映画 "PEARL HARBOR"

映画「パールハーバー」公開早々見てきました。内容的には思ったとおり映画「トラ・トラ・トラ」の足元にも及ばない幼稚な映画で、書く事もあまりないのですが、気になる方も多いと思いますので以下私なりの印象です。

まず配給側の「これはラブストーリーだ」との弁明があるように「トラ・トラ・トラ」のようなドキュメンタリードラマとは全く性格が異なるので比較するのが無理かもしれません。ただしB級アクション映画ならそれも良いのですが、飛行機のシーンがふんだんにありながら(監督は飛行機ファンではないのでしょう)見ていて一向に盛り上がらないんです。なんかボーッと見てしまいました。本物の零戦を始め飛行可能な実機が出ているという一点で見る価値はありますが、内容的には見るべきものはありません。日本側の描き方がひどくて、特に作戦会議のシーンはヒドさは噴飯ものでした。日系アメリカ人俳優だけの起用ですが、これでは50年代後半に撮影された映画「戦場に架ける橋」の早川雪州を通り超して戦時中のプロパガンダ映画に登場する日本軍に逆戻りです。

監督が以前に撮った映画のリストを見て納得しましたが、こういう主題を扱うにはまったくの畑違いですね。映画「タイタニック」に触発されたと見受けられる部分が少なからずあるんですが、ジェイムス・キャメロンの「タイタニック」には少なくとも監督の主題=歴史に対する情熱を感じました。しかしこの監督はアクション以外歴史に対する興味はないようです。公開前のTV番組で「リサーチはどのように?」のインタビューに答えて、数ある真珠湾攻撃について書かれた本には一切触れずに、「映画トラトラトラはもちろんの事、ドキュメンタリーをできる限り見た。

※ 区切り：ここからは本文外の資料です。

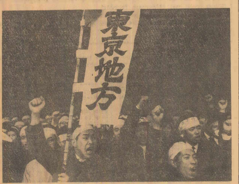
La Tokio a avut loc o ședință a conducerii Consiliului general al sindicatelor din Japonia (S.O.H.Y.O.) care reunește în rîndurile sale peste patru milioane de oameni ai muncii. Au fost examinate problemele privind desăgurarea ofensivei de primăvară a oamenilor muncii din Japonia și lupta împotriva agresiunii americane din Vietnam. Consiliul general a hotărît să organizeze în capitala Japoniei și în alte orașe manifestații de protest împotriva acțiunilor agresive ale S.U.A. în Vietnam. În clipse: demonstrație muncitorească la Tokio

lor Nguyen Cao Ky, șeful aviației sud-vietnameze, și Nguyen Khanh Thi, comandantul primei regiuni tactice, s-au desolidarizat de comandantul lor, deoarece acesta ar fi rămas fidel fostului comandant șef al armatei, Nguyen Khanh, în prezent „ambasador cu misiune specială”. Într-o știre de ultimă oră se arată că, în urma noii situații intervenite la Saigon, dr. Phan Huy Quat, șeful guvernului, s-a reîntors în capitală, venind din provinciile vestice ale Vietnamului de sud, unde efectua o vizită de inspecție.

」との答えが印象的でした。古いドキュメンタリーのほとんどは戦意高揚のために作られたものが多いので、これが映画のタッチに影響してしまったのは間違いのないところでしょう。

デジタル処理を駆使した(使いすぎ?)のアクションシーンはまるでコンピュータゲームを見ている様。管理されすぎた画像は、清潔過ぎて映画「トラ・トラ・トラ」のアクションシーンのような生の迫力は感じません。考証的なアラを探したらキリがないのですが、たとえば航空機銃の火力がものすごく、スピットファイアの7.7 mmで誘曝するもののないHe-111爆撃機の操縦席部分が完全に吹き飛ぶ!。また、対地攻撃する零戦の機銃の威力はミサイル並みで、地上にあるものはすべて大爆発! 昔のSF映画"World of War"に出てきた町を焼き払う円盤の怪光線ようでした。

最後に、公開前から〜真珠湾に濃緑色に塗られた零戦が登場〜で日本のファンをガッカリさせたプレーズ・オブ・ファイムの飛行可能な零戦52型ですが、この映画のためにハンパなグレーに塗られなくて良かったですね。零戦ファンとして零戦のシーンだけは興奮しました。紛うことなきあの零戦52型のカウリングやその美しい姿態そのままに大空を舞う濃緑色の零戦52型を大画面で見て惚れ惚れしました。私もこの映画のお陰で、早くタミヤの1/32「零戦52型」を作りたくなりましたもの。